> [Work required] Copy precisely the first line of the material below and every later line, stopping with the line that contains "這是2019年9月15日,西班牙隊(duì)在國(guó)際籃聯(lián)籃球世界杯奪冠后慶祝。新華社記者 鞠煥宗 攝".

◇ ◇ ◇

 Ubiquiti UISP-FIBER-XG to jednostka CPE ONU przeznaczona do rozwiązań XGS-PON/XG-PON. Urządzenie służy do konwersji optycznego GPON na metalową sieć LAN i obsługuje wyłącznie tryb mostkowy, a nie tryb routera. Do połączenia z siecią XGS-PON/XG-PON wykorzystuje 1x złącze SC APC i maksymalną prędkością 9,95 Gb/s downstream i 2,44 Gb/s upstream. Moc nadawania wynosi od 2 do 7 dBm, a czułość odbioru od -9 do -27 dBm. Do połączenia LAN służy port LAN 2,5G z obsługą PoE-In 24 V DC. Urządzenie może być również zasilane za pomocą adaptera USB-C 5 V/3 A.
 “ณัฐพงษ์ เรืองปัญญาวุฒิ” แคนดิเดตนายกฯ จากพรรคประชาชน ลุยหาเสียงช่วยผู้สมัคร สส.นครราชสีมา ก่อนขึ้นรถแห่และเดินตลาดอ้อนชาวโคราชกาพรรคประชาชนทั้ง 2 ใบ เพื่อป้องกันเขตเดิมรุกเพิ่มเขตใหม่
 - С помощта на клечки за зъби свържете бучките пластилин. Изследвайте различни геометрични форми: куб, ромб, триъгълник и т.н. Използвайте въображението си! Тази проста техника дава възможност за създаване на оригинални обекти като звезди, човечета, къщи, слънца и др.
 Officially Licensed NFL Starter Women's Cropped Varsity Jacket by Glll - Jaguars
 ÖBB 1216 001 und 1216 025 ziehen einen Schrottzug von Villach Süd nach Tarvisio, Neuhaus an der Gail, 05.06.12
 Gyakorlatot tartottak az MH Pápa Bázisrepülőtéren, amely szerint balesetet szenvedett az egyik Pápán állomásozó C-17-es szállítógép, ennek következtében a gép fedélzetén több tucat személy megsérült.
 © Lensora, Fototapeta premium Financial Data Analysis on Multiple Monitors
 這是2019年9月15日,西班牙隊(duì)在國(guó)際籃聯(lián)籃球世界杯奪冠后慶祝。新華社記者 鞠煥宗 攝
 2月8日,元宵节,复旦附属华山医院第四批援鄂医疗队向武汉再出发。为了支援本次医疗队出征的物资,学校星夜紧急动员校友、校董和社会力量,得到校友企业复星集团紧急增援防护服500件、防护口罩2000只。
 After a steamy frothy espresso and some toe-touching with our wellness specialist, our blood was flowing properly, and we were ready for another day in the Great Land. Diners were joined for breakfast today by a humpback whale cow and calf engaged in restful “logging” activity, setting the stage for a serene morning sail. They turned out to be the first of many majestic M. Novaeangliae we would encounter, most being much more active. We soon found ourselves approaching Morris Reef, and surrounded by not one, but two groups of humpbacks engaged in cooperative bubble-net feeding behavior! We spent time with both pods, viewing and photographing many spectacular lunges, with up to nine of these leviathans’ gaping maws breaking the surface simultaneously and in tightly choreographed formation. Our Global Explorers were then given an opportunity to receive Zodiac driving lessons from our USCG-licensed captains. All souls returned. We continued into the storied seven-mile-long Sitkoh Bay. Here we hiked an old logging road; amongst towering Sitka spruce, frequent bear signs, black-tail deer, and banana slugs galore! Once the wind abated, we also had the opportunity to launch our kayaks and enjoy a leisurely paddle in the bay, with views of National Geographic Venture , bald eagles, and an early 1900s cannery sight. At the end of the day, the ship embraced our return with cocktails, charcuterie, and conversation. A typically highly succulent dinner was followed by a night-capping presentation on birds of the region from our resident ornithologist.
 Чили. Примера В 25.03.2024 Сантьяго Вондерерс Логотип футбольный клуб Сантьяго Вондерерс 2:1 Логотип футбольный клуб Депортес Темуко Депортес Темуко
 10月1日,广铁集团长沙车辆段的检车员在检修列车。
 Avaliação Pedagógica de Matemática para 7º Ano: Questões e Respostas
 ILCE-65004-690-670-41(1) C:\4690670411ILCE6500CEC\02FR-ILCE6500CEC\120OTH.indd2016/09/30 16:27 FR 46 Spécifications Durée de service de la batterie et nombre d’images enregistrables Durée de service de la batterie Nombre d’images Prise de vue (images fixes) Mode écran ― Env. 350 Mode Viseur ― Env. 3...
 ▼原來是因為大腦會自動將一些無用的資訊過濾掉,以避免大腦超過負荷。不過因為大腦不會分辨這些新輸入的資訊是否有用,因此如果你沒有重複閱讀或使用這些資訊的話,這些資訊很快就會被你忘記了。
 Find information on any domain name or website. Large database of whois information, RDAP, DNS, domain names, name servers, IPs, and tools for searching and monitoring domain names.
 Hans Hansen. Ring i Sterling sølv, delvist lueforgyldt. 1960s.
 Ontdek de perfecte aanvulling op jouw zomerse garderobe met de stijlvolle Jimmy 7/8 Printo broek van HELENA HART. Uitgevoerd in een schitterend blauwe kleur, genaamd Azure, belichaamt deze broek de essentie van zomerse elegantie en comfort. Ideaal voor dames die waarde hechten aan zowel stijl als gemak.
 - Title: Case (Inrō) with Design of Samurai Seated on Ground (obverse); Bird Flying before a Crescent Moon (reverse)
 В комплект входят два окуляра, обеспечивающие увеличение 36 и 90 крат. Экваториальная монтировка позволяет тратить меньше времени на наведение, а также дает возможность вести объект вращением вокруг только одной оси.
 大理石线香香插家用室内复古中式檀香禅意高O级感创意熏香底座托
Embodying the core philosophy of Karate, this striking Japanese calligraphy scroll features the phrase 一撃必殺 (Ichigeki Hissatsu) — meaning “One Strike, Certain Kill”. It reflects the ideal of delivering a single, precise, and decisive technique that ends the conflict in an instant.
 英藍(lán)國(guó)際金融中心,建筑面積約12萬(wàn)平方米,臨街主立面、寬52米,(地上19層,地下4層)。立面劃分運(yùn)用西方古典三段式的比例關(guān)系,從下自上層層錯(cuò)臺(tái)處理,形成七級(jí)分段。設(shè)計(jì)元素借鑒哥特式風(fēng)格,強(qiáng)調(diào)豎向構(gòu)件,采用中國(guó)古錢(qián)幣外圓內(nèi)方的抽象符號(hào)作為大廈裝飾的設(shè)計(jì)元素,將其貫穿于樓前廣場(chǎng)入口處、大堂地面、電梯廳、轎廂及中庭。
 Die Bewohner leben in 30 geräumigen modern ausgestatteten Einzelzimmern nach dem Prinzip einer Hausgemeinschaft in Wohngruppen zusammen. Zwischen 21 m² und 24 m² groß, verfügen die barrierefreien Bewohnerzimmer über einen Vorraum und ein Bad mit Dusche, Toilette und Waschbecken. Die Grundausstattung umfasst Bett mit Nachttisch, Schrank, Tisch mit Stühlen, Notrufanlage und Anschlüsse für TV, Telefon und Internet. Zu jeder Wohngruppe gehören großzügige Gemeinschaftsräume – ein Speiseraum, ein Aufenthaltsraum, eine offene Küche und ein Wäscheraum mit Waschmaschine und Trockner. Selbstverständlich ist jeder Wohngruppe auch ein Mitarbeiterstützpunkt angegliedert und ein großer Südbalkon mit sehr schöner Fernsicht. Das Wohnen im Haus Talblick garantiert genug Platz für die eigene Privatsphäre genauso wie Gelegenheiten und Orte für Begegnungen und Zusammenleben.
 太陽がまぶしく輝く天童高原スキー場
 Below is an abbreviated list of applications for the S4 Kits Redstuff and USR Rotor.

◇ ◇ ◇

> [Expected answer]
 Ubiquiti UISP-FIBER-XG to jednostka CPE ONU przeznaczona do rozwiązań XGS-PON/XG-PON. Urządzenie służy do konwersji optycznego GPON na metalową sieć LAN i obsługuje wyłącznie tryb mostkowy, a nie tryb routera. Do połączenia z siecią XGS-PON/XG-PON wykorzystuje 1x złącze SC APC i maksymalną prędkością 9,95 Gb/s downstream i 2,44 Gb/s upstream. Moc nadawania wynosi od 2 do 7 dBm, a czułość odbioru od -9 do -27 dBm. Do połączenia LAN służy port LAN 2,5G z obsługą PoE-In 24 V DC. Urządzenie może być również zasilane za pomocą adaptera USB-C 5 V/3 A.
 “ณัฐพงษ์ เรืองปัญญาวุฒิ” แคนดิเดตนายกฯ จากพรรคประชาชน ลุยหาเสียงช่วยผู้สมัคร สส.นครราชสีมา ก่อนขึ้นรถแห่และเดินตลาดอ้อนชาวโคราชกาพรรคประชาชนทั้ง 2 ใบ เพื่อป้องกันเขตเดิมรุกเพิ่มเขตใหม่
 - С помощта на клечки за зъби свържете бучките пластилин. Изследвайте различни геометрични форми: куб, ромб, триъгълник и т.н. Използвайте въображението си! Тази проста техника дава възможност за създаване на оригинални обекти като звезди, човечета, къщи, слънца и др.
 Officially Licensed NFL Starter Women's Cropped Varsity Jacket by Glll - Jaguars
 ÖBB 1216 001 und 1216 025 ziehen einen Schrottzug von Villach Süd nach Tarvisio, Neuhaus an der Gail, 05.06.12
 Gyakorlatot tartottak az MH Pápa Bázisrepülőtéren, amely szerint balesetet szenvedett az egyik Pápán állomásozó C-17-es szállítógép, ennek következtében a gép fedélzetén több tucat személy megsérült.
 © Lensora, Fototapeta premium Financial Data Analysis on Multiple Monitors
 這是2019年9月15日,西班牙隊(duì)在國(guó)際籃聯(lián)籃球世界杯奪冠后慶祝。新華社記者 鞠煥宗 攝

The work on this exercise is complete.